▶ [Source data]:
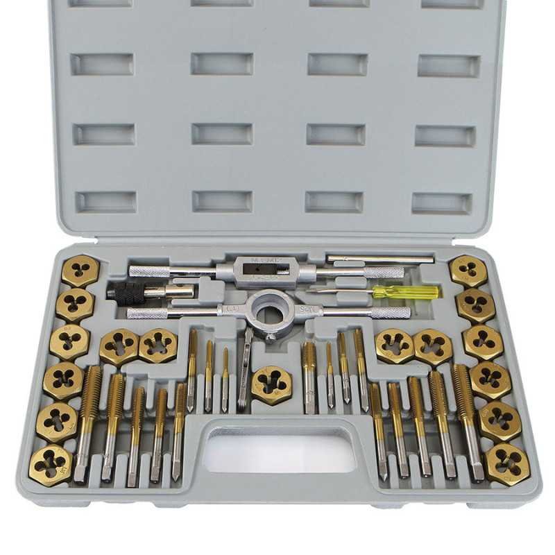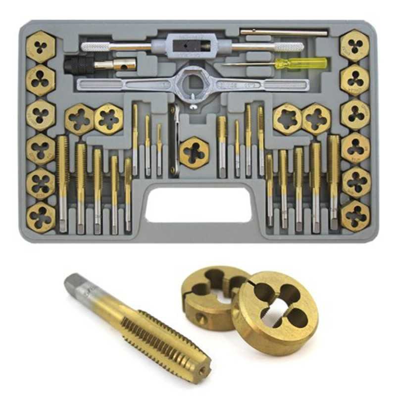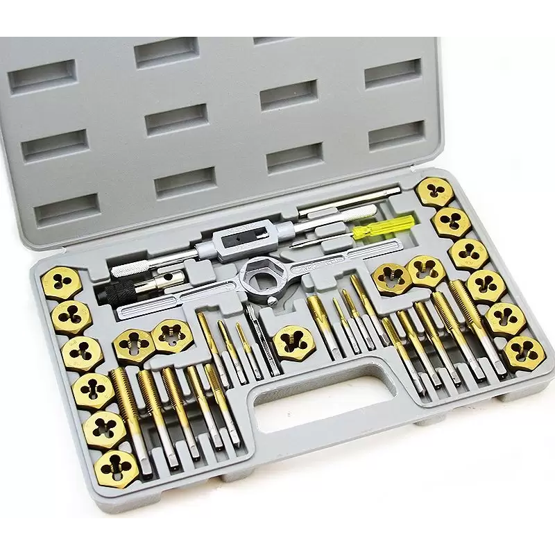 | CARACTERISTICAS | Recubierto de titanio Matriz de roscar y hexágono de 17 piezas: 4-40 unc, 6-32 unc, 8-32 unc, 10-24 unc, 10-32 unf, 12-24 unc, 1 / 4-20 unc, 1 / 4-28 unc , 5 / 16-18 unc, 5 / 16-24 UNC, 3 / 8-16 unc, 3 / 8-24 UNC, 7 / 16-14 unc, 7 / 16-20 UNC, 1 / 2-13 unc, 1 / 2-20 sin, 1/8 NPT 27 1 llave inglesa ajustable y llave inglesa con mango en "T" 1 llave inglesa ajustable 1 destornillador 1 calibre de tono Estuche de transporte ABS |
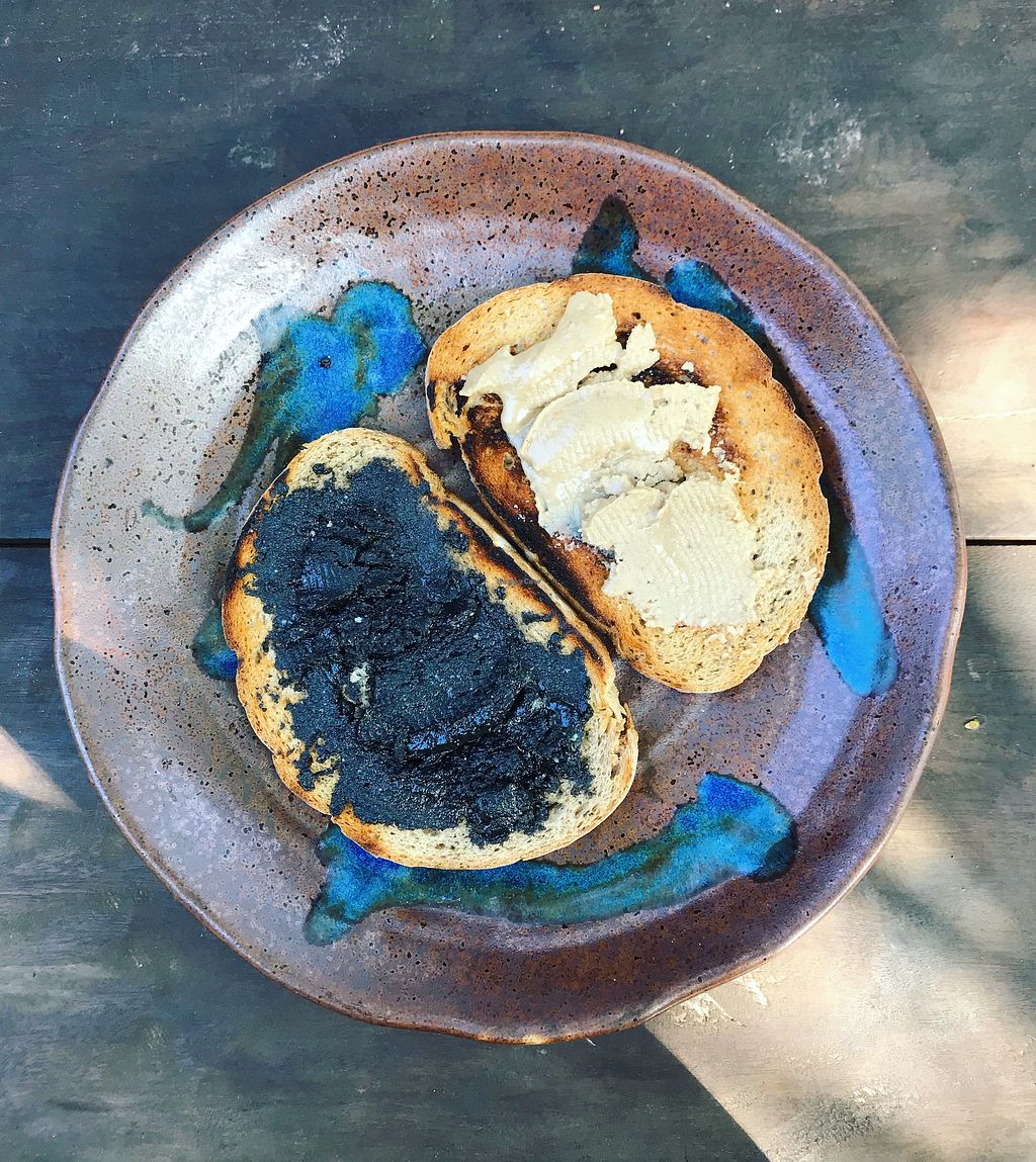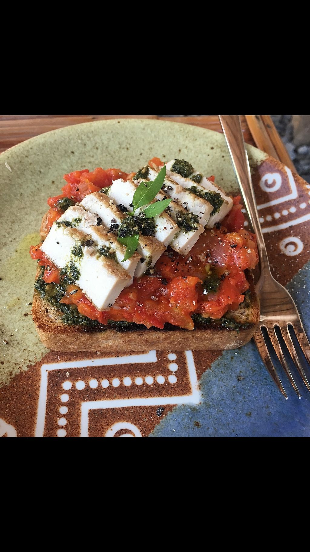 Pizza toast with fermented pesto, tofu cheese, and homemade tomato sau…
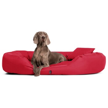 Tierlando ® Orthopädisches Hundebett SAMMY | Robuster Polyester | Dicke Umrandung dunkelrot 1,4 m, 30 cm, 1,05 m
* * *
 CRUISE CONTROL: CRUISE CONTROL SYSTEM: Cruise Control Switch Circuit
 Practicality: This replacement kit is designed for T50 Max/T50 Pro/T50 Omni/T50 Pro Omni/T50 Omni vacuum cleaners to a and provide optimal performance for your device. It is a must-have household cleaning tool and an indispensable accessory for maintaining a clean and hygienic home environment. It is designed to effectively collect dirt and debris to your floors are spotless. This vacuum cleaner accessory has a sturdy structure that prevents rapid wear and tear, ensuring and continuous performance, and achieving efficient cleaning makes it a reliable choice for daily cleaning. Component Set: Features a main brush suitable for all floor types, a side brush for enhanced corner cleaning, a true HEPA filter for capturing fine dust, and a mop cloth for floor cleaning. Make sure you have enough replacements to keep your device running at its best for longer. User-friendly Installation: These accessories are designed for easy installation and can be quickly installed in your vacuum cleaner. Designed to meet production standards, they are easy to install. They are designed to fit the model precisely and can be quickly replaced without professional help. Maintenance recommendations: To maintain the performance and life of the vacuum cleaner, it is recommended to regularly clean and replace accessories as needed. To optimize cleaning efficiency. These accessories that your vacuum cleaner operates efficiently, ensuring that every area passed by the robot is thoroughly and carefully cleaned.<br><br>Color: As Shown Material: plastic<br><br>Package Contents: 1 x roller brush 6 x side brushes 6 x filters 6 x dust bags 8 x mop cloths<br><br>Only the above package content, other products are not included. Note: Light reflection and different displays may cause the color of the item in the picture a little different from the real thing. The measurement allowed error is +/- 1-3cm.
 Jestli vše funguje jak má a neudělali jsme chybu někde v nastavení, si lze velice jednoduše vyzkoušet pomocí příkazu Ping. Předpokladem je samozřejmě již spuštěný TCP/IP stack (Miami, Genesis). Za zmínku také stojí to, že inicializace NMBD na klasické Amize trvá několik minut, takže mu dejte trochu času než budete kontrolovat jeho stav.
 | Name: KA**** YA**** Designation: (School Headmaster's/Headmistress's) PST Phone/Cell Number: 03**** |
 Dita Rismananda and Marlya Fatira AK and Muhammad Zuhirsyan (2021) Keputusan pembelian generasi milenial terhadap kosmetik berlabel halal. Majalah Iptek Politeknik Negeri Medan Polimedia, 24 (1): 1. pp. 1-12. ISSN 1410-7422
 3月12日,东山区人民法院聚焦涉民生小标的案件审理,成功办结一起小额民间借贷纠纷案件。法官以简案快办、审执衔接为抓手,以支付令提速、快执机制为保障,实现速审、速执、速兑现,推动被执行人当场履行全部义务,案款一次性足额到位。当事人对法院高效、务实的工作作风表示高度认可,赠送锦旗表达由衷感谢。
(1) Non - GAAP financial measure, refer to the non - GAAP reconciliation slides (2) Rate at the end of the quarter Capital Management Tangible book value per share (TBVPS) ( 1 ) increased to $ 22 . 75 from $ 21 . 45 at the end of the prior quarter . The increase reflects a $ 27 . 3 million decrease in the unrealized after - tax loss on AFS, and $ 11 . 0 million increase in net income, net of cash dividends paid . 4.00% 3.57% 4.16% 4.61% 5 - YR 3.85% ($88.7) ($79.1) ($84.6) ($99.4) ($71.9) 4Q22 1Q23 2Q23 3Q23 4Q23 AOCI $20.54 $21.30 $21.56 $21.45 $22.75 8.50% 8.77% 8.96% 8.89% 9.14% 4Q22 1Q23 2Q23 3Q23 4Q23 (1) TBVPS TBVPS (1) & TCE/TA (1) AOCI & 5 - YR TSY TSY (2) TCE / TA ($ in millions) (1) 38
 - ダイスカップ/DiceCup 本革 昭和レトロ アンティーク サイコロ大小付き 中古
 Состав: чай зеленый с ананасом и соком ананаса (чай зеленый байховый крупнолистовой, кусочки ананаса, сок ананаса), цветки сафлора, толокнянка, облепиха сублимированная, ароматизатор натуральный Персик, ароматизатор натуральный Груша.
...
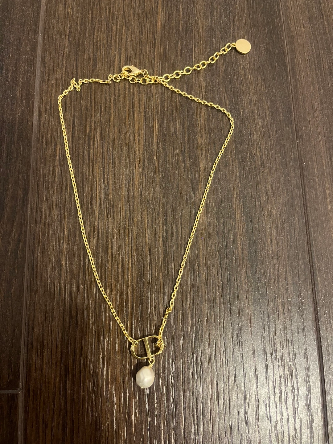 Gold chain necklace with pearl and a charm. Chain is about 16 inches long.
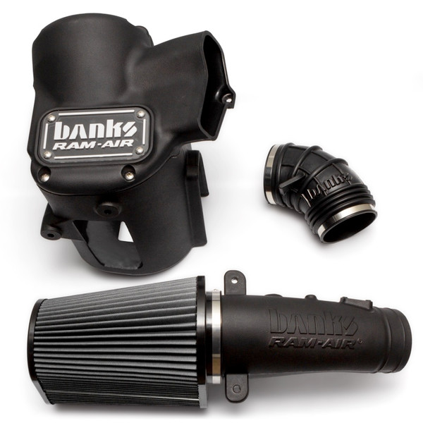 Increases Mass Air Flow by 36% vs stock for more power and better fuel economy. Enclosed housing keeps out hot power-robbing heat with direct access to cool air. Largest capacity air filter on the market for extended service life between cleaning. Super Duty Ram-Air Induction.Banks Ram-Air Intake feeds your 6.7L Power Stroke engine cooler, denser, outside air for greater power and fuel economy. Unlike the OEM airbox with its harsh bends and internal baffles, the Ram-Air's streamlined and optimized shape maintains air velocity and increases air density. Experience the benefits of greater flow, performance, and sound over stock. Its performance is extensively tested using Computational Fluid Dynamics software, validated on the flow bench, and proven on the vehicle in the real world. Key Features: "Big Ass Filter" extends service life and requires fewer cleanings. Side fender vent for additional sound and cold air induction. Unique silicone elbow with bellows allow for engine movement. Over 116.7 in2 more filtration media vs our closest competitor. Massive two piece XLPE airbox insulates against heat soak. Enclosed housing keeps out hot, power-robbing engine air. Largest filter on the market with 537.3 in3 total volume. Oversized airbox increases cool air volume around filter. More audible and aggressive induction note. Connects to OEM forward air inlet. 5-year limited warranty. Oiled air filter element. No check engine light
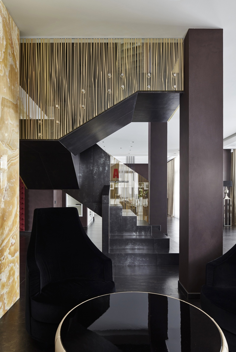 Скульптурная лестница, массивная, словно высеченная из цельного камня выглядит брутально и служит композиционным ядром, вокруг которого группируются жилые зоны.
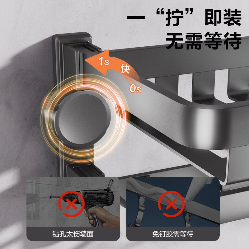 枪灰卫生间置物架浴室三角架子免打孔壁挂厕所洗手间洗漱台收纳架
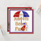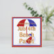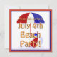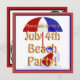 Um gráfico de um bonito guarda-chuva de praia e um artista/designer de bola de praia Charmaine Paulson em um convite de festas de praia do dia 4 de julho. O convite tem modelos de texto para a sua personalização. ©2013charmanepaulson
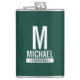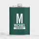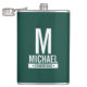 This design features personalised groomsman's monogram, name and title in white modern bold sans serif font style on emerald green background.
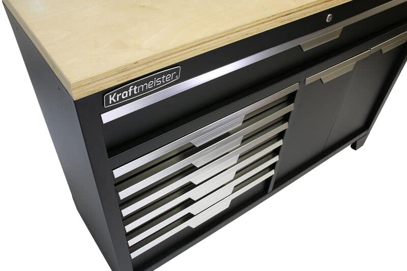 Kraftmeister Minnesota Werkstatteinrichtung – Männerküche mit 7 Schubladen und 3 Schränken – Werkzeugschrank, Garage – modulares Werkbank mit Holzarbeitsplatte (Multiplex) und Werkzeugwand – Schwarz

▶ [Try it]:
Nothing but the lines above from the line with "transporte ABS |" up to and including the line with "Tierlando ® Orthopädisches" should be returned, exactly as written and without pictures.

▶ [Answer box]:
 | CARACTERISTICAS | Recubierto de titanio Matriz de roscar y hexágono de 17 piezas: 4-40 unc, 6-32 unc, 8-32 unc, 10-24 unc, 10-32 unf, 12-24 unc, 1 / 4-20 unc, 1 / 4-28 unc , 5 / 16-18 unc, 5 / 16-24 UNC, 3 / 8-16 unc, 3 / 8-24 UNC, 7 / 16-14 unc, 7 / 16-20 UNC, 1 / 2-13 unc, 1 / 2-20 sin, 1/8 NPT 27 1 llave inglesa ajustable y llave inglesa con mango en "T" 1 llave inglesa ajustable 1 destornillador 1 calibre de tono Estuche de transporte ABS |
 Pizza toast with fermented pesto, tofu cheese, and homemade tomato sau…
 Tierlando ® Orthopädisches Hundebett SAMMY | Robuster Polyester | Dicke Umrandung dunkelrot 1,4 m, 30 cm, 1,05 m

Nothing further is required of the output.